- Provided records -
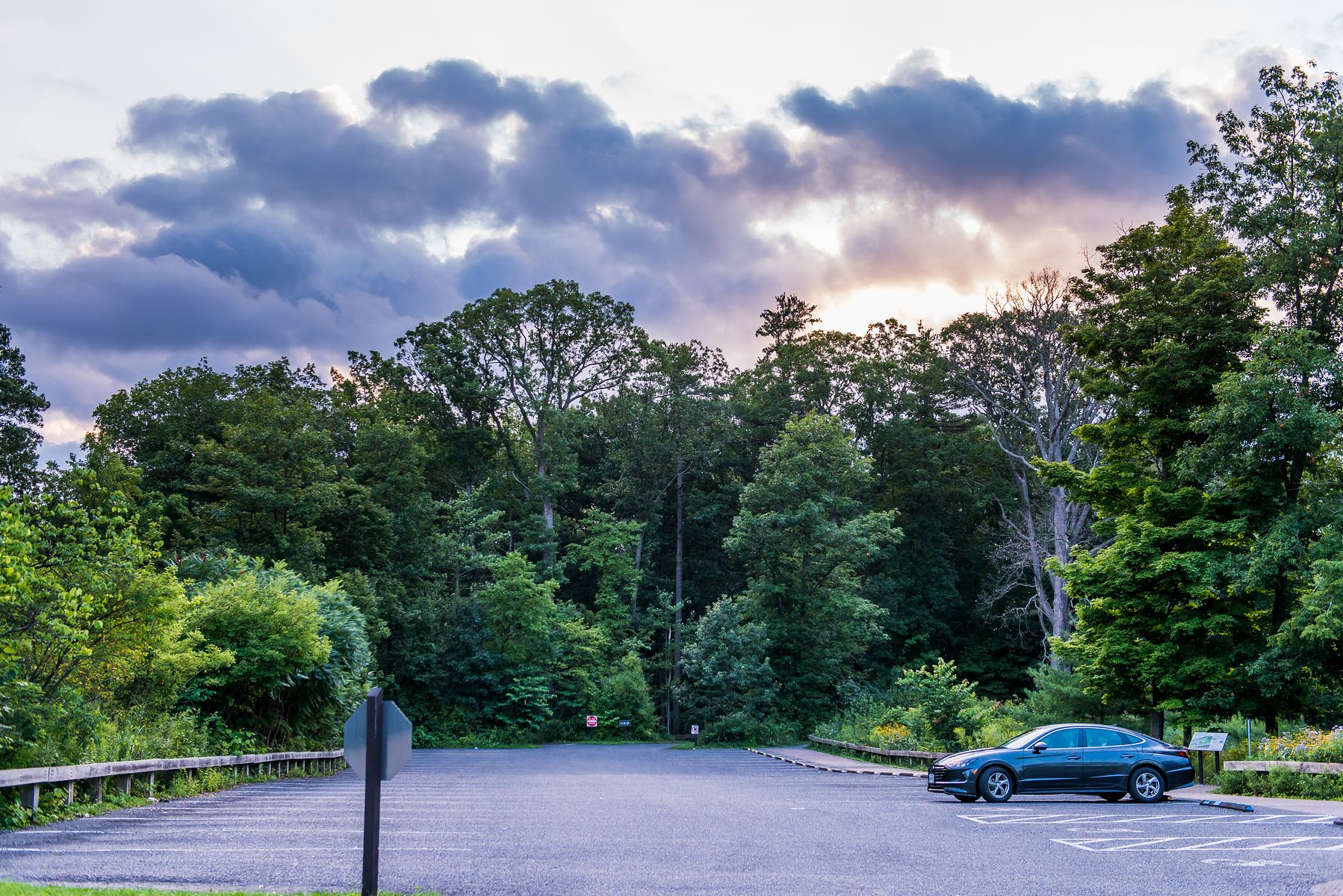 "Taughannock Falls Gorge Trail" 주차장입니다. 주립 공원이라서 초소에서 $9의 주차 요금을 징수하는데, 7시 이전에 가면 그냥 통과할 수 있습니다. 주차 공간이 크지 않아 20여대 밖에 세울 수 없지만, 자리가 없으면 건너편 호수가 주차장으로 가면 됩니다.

==

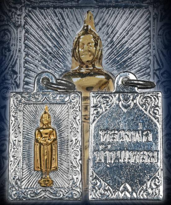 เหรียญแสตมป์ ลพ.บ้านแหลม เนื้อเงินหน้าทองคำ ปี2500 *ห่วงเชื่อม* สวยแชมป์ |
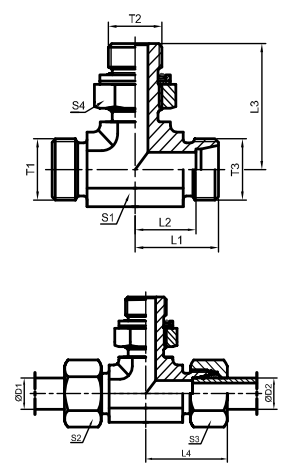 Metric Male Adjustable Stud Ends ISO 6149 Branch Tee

...

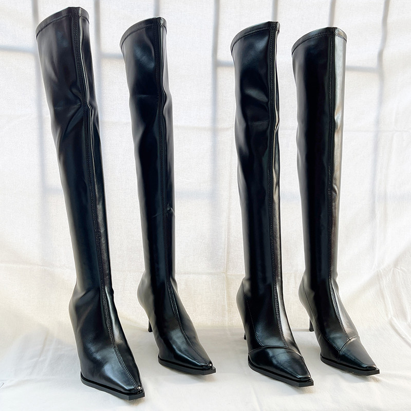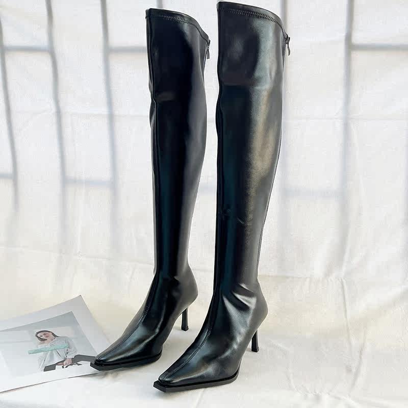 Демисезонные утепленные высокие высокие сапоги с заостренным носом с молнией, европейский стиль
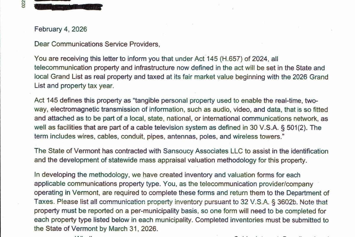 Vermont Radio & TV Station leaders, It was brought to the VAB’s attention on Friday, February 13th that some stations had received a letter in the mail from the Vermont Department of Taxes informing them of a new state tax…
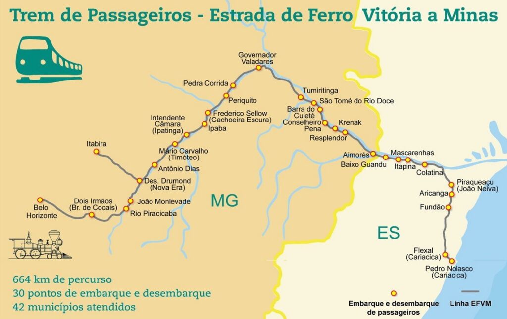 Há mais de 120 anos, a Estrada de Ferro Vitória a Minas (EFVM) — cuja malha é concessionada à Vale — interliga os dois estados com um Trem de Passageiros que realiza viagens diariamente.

- How to complete this task -
For this task, return exactly the stretch of the listing above from the line with "Vermont Radio &" through the line with "Há mais de 120", inclusive and without pictures.

- Response for this exercise -
 Vermont Radio & TV Station leaders, It was brought to the VAB’s attention on Friday, February 13th that some stations had received a letter in the mail from the Vermont Department of Taxes informing them of a new state tax…
 Há mais de 120 anos, a Estrada de Ferro Vitória a Minas (EFVM) — cuja malha é concessionada à Vale — interliga os dois estados com um Trem de Passageiros que realiza viagens diariamente.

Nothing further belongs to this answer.